Now there is already a program in place that allows students at certain habitually low performing, and just so you know when I say low performing, I mean on the test, schools, to higher performing ones.
I am going to digress for a moment. Years ago when I was at Ed White we were a C school and took in three hundred Ribault kids on whatever they called the transfer at the time and within two years we were an F school and in another 2 we were on the same list Ribault had been on that allowed the kids to transfer to Ed White. Three hundred was to many, now 30 we could have done and not missed a beat.
Okay let’s get back to what we can call voluntary transfers. Schools could identify their 20 or so lowest performers and meet with their families and offer the transfers, but here is the inducement, they would offer door to door service, and a spot in team up or whatever after school programs they have at their new schools too.
Their kids have been languishing in their current environment, sad but true, so maybe a change of scenery is what they need and there is evidence my Ed White story non withstanding that it works.

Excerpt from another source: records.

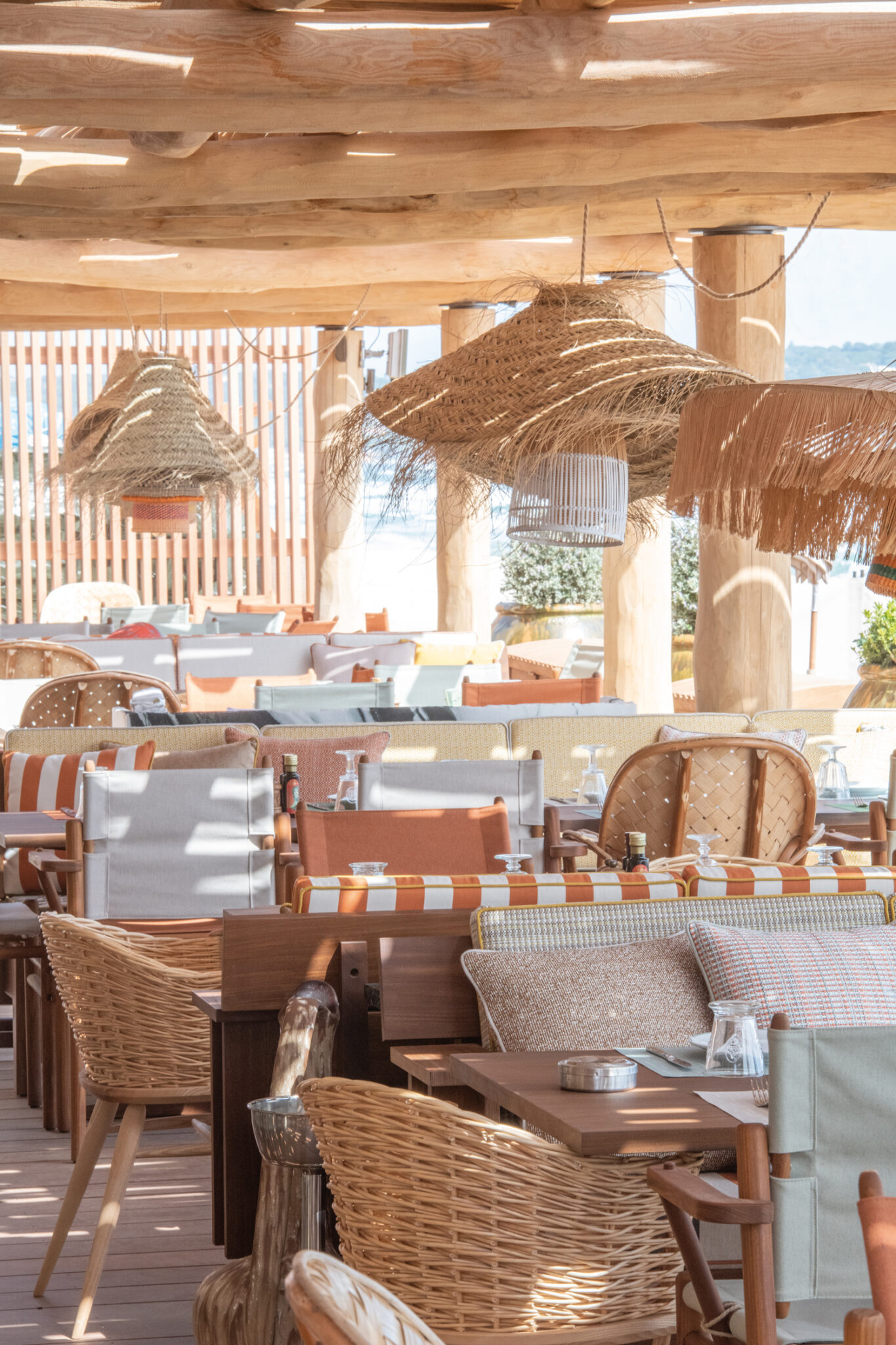 Un petit écrin de paradis sur la route de Pampelonne… C’est en longeant le chemin bordé de bambous que l’on découvre ce lieu entièrement dédié au plaisir de la mer et à la convivialité. Jacques Naveau et Anthony Ugo, architecte ramatuellois, ont imaginé ici un nouveau projet aux contours écologiques. La décoration à l’esprit bohème et nomade, signée Joyce Naveau, confère une tonalité naturelle et sauvage à la cabane, sublimée notamment par du bois, de la pierre de Toscane et des tissus d’Amérique Latine.
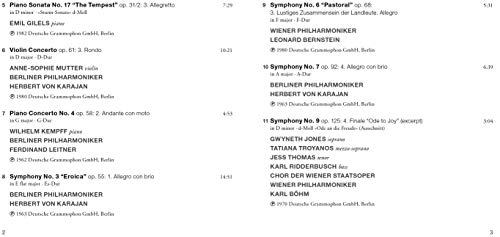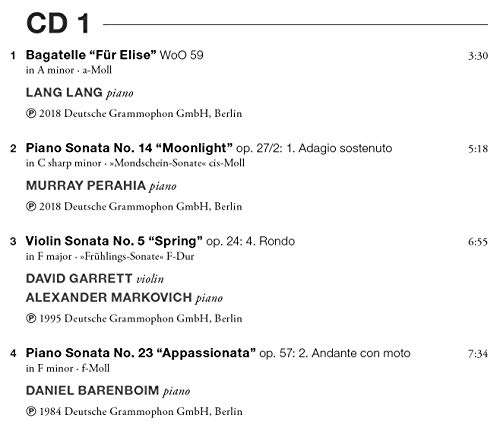 Zum 250. Geburtstag Beethovens erscheinen die bekanntesten Werke Beethovens in einem kompakten Doppelalbum. Von der “Mondscheinsonate” bis hin zum weltberühmten “Für Elise” werden alle Werke von den großen Namen der Klassikszene interpretiert: Lang Lang, Anne-Sophie Mutter, Herbert Karajan, den Wiener und den Berliner Philharmonikern. „The very Best of Beethoven“ ist der perfekte Einstieg in Beethovens Musik und erfasst das volle Spektrum seines Schaffens: von den schönsten Einzelstücken und -sätzen bis zur genialischen „Schicksalssymphonie“ in voller Länge, vom kompletten 5. Klavierkonzert “Emperor” mit Krystian Zimerman bis zum Einleitungssatz der “Eroica”. Eine umfassende Geburtstags-Anthologie zu einem herausragend günstigen Preis.
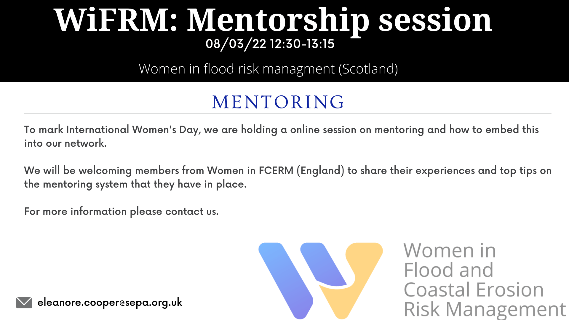 Women in Flood Risk Management (Scotland) are holding an online session on mentoring for International Women’s Day on 8 March, at 12:30.
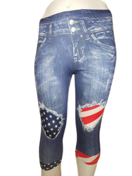Pant, Plus, M, Jeans Print, Stars, Stripes, Blues, Red, White
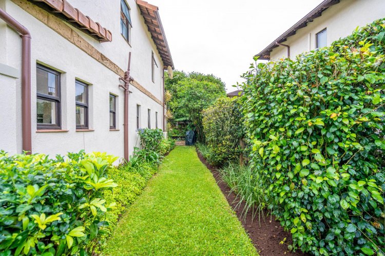 The kitchen is a chef's delight, boasting elegant granite countertops and ample storage. The unit offers two full bathrooms and a convenient guest restroom. Retreat to the main bedroom, which features its own private patio, a peaceful haven overlooking a meticulously maintained garden. The second bedroom also opens onto a patio, offering a lovely spot to enjoy your morning coffee.
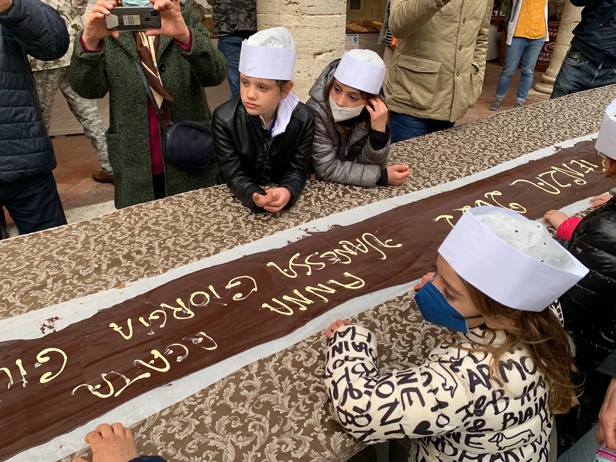 In Pienza is een chocoladefeest (4 dagen) aan de gang met o.a. een markt met allerlei chocolade goed. En vanavond voor de kinderen je naam op chocolade en lekker mee naar huis nemen.

From the Christian Science Monitor,
"The socioeconomic approach offers two advantages," says Richard Kahlenberg, author of a new report detailing such plans and a senior fellow at The Century Foundation, a progressive policy group in Washington. First, districts that have done it most successfully give families a choice of magnet schools with special programs, "so there are incentives for middle-class people to buy into socioeconomic integration," says Mr. Kahlenberg. Second, "as a legal matter, it's clearly fine to use income to distinguish people."
Such balance creates a more equitable environment that promotes higher achievement, he and others say. One study found that schools with less than 50 percent low-income students were 22 times more likely to be high-performing than schools with a majority of low-income students.

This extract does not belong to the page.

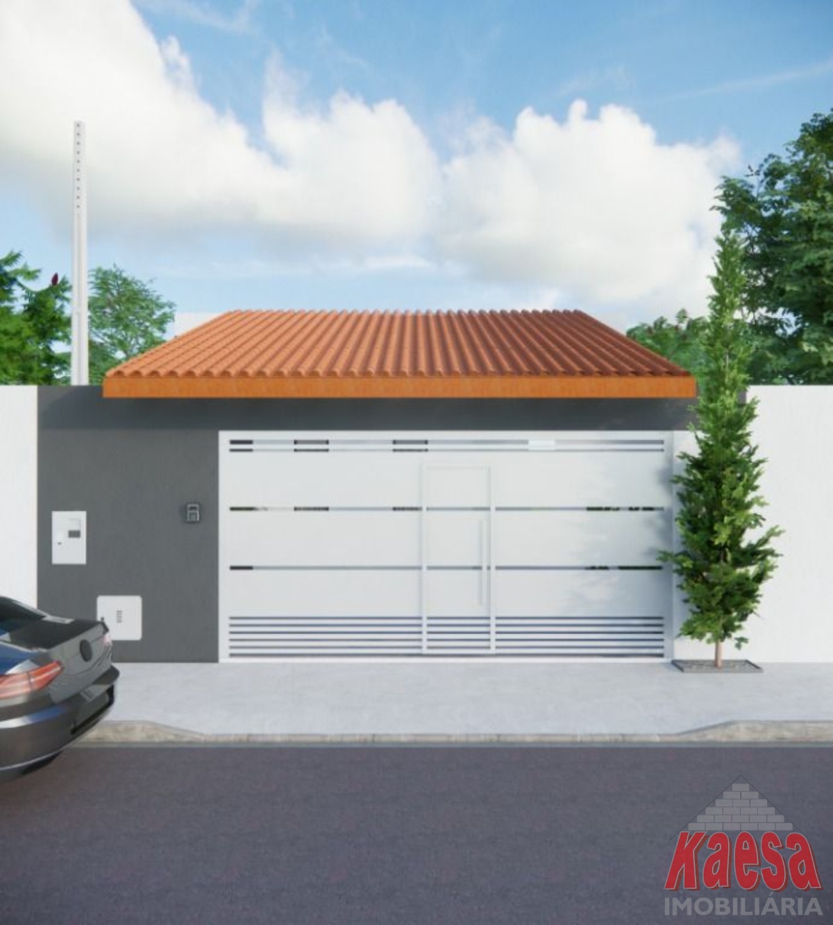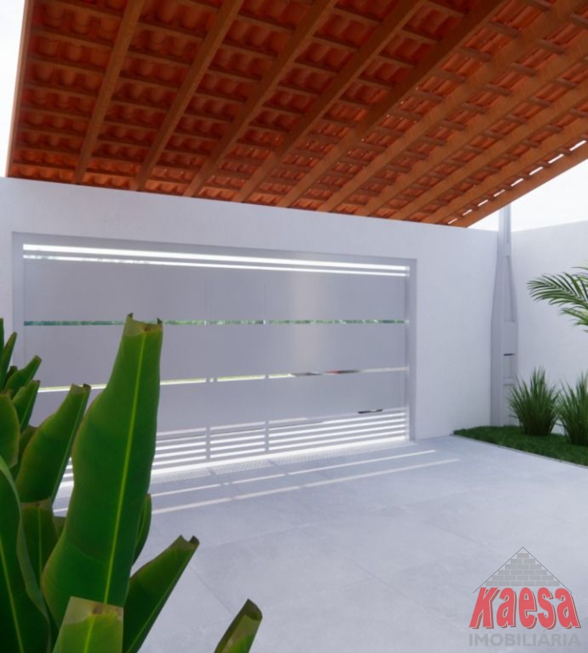 Garagem ampla e coberta Portão basculante largo

In short, Wake county took poor kids and bused them to richer schools, and for a time all the schools did better.
And look we all know the larger problem is poverty, well I mean except Tallahassee, who ignores it like I do the last spoon in the sink.
Okay back to the transfers, I get it, these will cost money, but the district is already planning to spend 500,000 dollars to hire a management company to run three schools.

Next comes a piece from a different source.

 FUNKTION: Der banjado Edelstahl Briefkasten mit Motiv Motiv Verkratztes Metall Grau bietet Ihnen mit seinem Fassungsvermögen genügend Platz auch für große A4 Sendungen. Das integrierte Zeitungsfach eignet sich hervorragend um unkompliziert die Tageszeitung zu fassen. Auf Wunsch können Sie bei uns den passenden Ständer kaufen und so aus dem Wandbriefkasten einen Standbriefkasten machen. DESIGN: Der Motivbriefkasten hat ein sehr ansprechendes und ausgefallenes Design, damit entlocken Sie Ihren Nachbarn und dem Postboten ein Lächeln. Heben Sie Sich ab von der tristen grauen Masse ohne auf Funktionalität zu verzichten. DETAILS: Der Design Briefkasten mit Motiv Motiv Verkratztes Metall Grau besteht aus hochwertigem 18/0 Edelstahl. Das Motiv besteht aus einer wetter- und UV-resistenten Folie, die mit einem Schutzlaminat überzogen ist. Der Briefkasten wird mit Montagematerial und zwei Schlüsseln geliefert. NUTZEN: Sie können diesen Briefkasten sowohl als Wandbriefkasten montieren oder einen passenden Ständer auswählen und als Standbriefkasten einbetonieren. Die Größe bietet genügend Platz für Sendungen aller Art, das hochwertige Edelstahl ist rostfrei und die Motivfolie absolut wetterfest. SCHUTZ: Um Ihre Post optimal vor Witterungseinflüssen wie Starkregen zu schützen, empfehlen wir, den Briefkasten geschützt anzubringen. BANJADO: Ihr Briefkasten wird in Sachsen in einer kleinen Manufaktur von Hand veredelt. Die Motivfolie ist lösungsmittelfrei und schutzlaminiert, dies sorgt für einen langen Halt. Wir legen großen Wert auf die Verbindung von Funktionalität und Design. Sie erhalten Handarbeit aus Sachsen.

How much do you think it would cost for a half dozen buses to provide door to door service? By the way we already do door to door service for many of our special needs children so it is doable. Ten grand a month, 20 maybe?
That means we still would have three hundred grand to play with, where we can add a few mental health counselors or social workers because often why a child acts up or does poorly in school has nothing to do with school.
I have no doubt six bus routes and 5 staff would be appreciably cheaper and more effective than whatever management company the district brought in.
Let’s go back to Ed White for a minute. When the school dropped to a F, a few years later an education management company was brought in and that was the final straw for a lot of teachers, they didn’t like being micromanaged and having someone constantly standing over their shoulder. Some retired, more transferred and a few said, this teaching thing isn’t for me and here is the big thing, they didn't tell the staff anything they didn't know.
Did the grade go up at Ed White? Yes, but that had more to do with kids matriculating out as the attendance dropped by about a thousand students.
Will the kids improve at their new school? I don’t know, I sure hope so, but their new school will be able to absorb the hit even if they don’t. Their old schools should improve grade wise anyway, as well.
You see friends school grades, test and punish, it’s a game Tallahassee has set up, because if they really cared they would allocate a lot more resources to those schools rather than threaten to take them over or force districts to spend money they don’t have to hire a management company that’s going to tell them things that they already know.
I didn’t like Vitti, on the way out the door he admitted he thought teachers were easily replaceable widget, but boy, that guy could play the game. It’s time DCPS learned to play the game too.